— Курсы кончал али как? — поинтересовался он.
Я мотнул головой:
— Нет. В школе учился, потом в больницу положили. А после на работу в бухгалтерию рыбозавода взяли. Сначала учеником.
— Коня запрячь можешь? — перебил он.
— Зачем? — удивился я.
— В деревне первое дело коня запрячь. Завсе за столом сидеть не будешь.

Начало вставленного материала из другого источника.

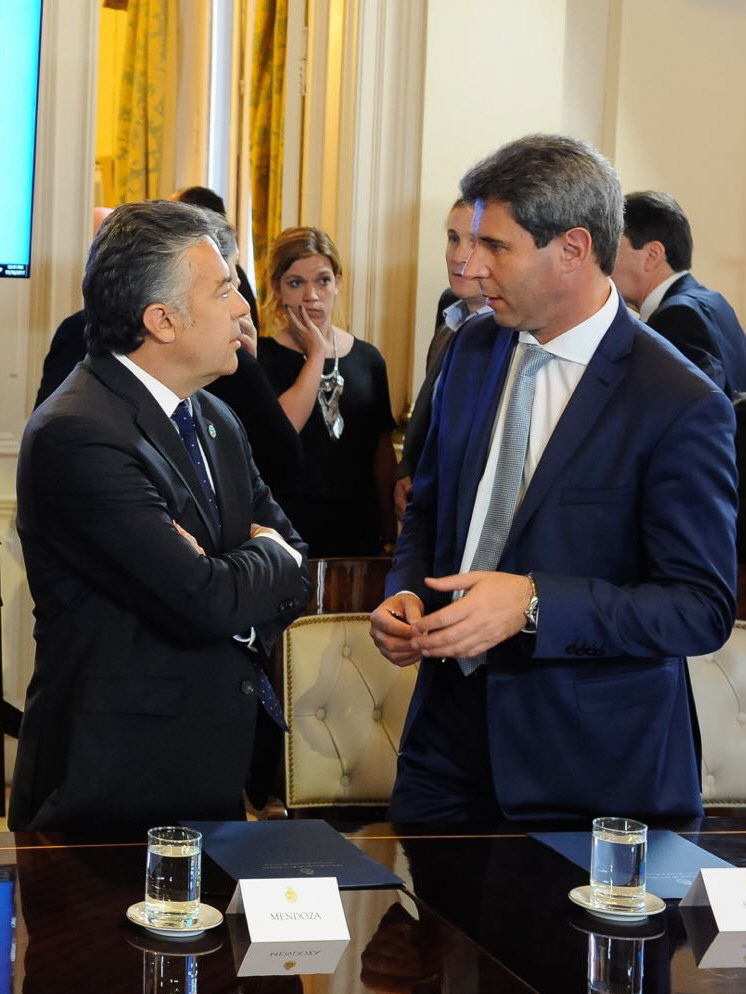 Diálogo. En medio de la reunión entre los gobernadores y el presidente Macri, Sergio Uñac compartió unas palabras con Alfredo Cornejo, de Mendoza.

Он повернулся к окну и стал барабанить пальцами по столешнице.
Уж больно я был неухожен, да и не походил на деревенского. Покойный счетовод Василий Иванович, которого месяц назад схоронили на заросшем осинником кладбище за деревней, был ему помощник и первый советчик в колхозных делах, а я не внушал доверия.

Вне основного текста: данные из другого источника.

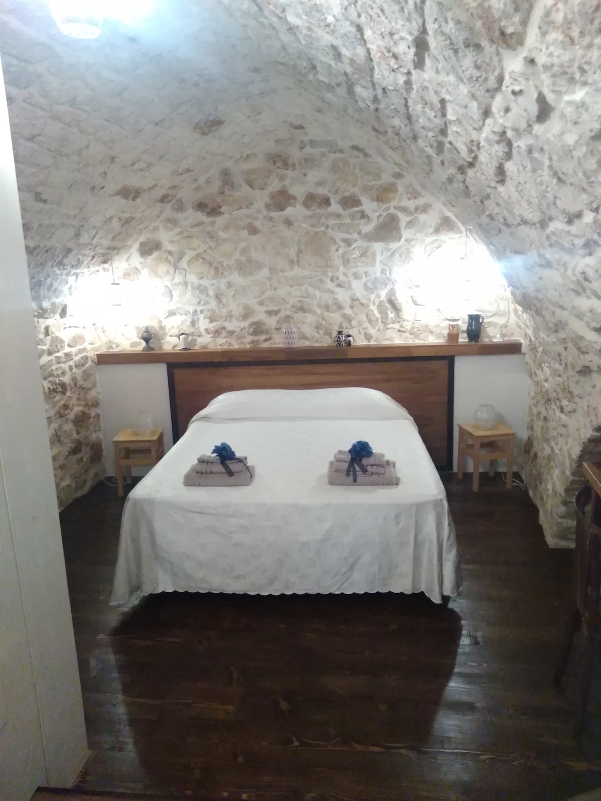 Vivi questo spazio incredibile, ricco di storia, situato in un contesto pittoresco. Al centro di un borgo di mare lontano dal turismo di massa. Pietra bianca naturale tutta intorno alla stanza e per terra la tipica “chianca” (temine medioevale che significa lastra di pietra) antica e originale. Ho cercato di lasciare il tutto più originale e rustico possibile per dare la sensazione agli ospiti di rivivere i tempi antichi in cui in questa camera ci viveva un’intera famiglia di 10 persone.
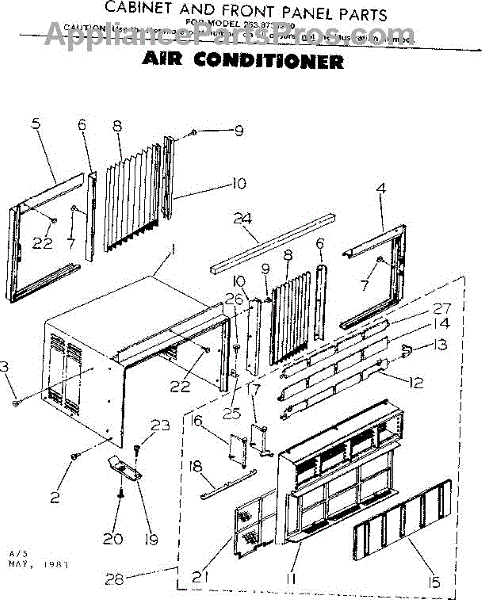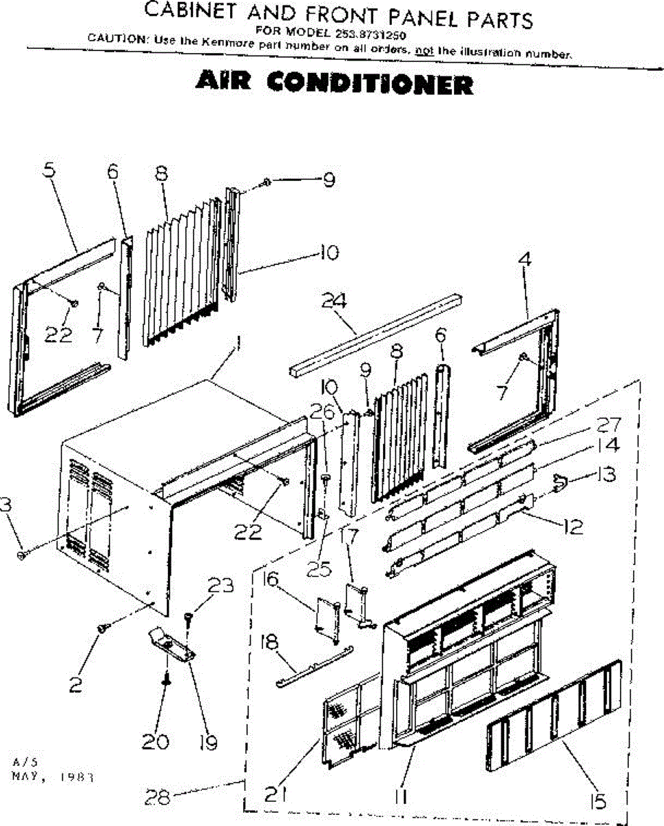 Parts for Kenmore 253.8731250 (2538731250, 253 8731250): Cabinet And Front Panel Parts
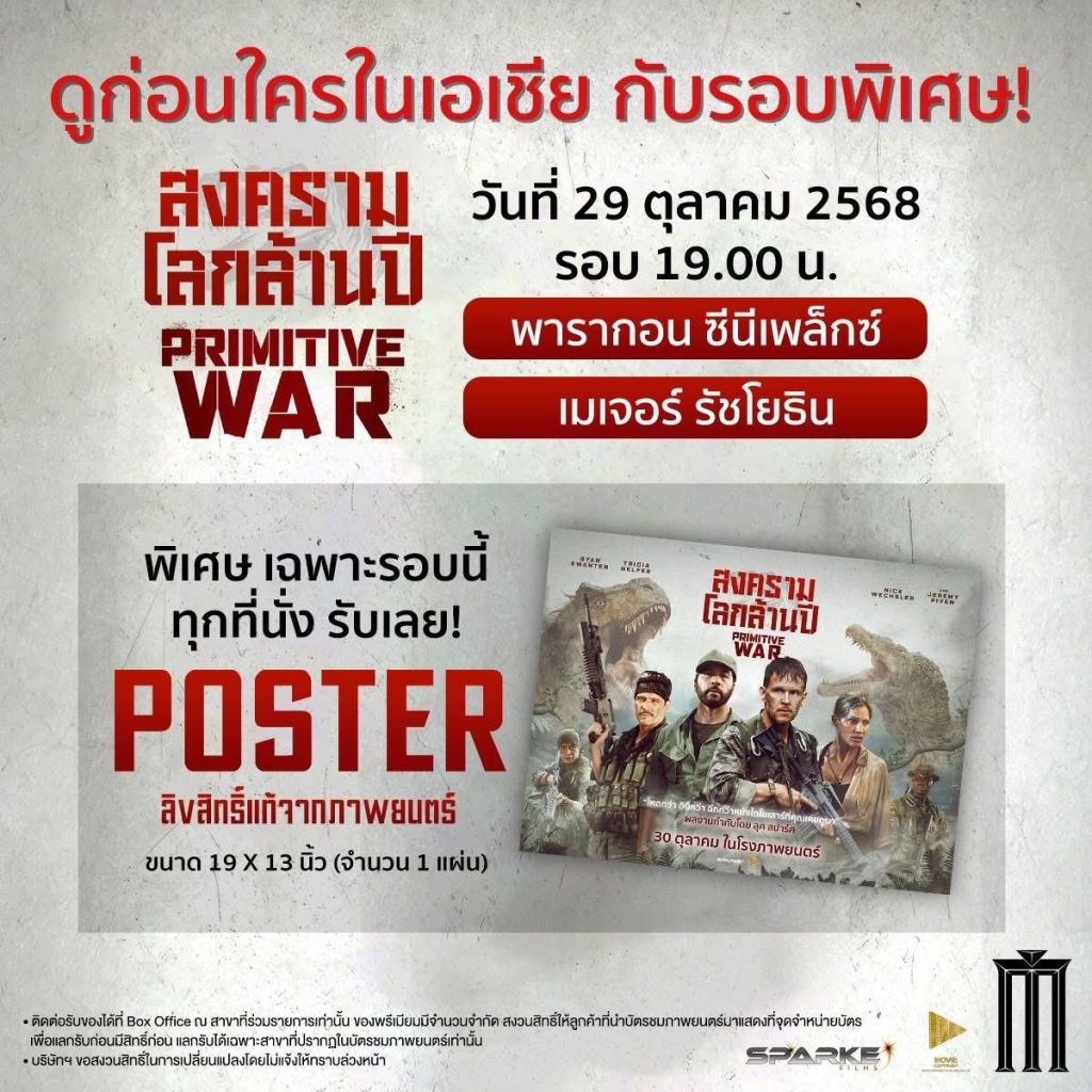 สัมผัสความยิ่งใหญ่ในรอบพิเศษของ “Primitive War – สงครามโลกล้านปี” วันพุธที่ 29 ตุลาคมนี้ รอบ 19.00 น. เฉพาะที่โรงภาพยนตร์ SF World Cinema เซ็นทรัลเวิลด์ และ SFX Cinema เซ็นทรัลลาดพร้าว “รับฟรี” Mini Poster ลิขสิทธิ์แท้จากค่ายภาพยนตร์ทุกที่นั่ง

Воротилась востроглазая Тонька вместе с сухонькой опрятной женщиной, по-монашески повязанной платком, отчего ее узкое с мелкими чертами личико выглядело словно у богоматери в ризнице на иконе. Лет ей, наверное, было столько, сколько моей маме, будь та жива, — немногим более сорока, и взгляд у нее был такой же, как у мамы, близорукий, временами беспомощный. Звали ее Евгения Анисимовна, но никто в деревне по имени-отчеству ее не величал, а за дробность и какую-то бабью беззащитность снисходительно ласково звали Еночкой.
Прислонившись к дверному косяку, она терпеливо ждала, что ей скажет председатель. Тонька присела рядом на лавку и, одернув платьишко, коротко поглядывала то на меня, то на свои босые ноги.

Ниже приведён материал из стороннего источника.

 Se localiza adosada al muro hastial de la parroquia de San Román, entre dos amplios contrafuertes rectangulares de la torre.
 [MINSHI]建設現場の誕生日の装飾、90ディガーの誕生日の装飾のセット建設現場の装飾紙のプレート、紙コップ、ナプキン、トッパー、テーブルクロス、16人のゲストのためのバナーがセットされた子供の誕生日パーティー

— Управилась с огородом? — спросил Арсентий Васильевич.
Еночка вздохнула:
— Гряды еще не копаны. Седня Аганюшке пособляю. Вчера мне картошку садили, седня — ей. Иначе как…
— Ты вот че, — Арсентий Васильевич не дослушал. — Парня этого на фатеру пусти. — Он кивнул в мою сторону. — Вишь — на место Василия Ивановича прислали. Человека.
Еночка посмотрела на меня и тихонечко кашлянула:
— Пущай живет, места не жалко. В огороде досадим, зайду за ним.
Подумав, достала из кармана фартука ржаной калачик и протянула мне:
— Возьми. Давеча Аганюшка угостила. А ты, поди-ко, еще и не ел седня.
Улыбнулась, просветлев лицом, и снова легонько вздохнула.
— Крупы на него получи полтора килограмма, — сказал председатель. — Скажи Тихонычу — я велел. Пусть запишет в ведомость. Поглядим, че получится. А то Тоньку учиться на счетовода пошлем.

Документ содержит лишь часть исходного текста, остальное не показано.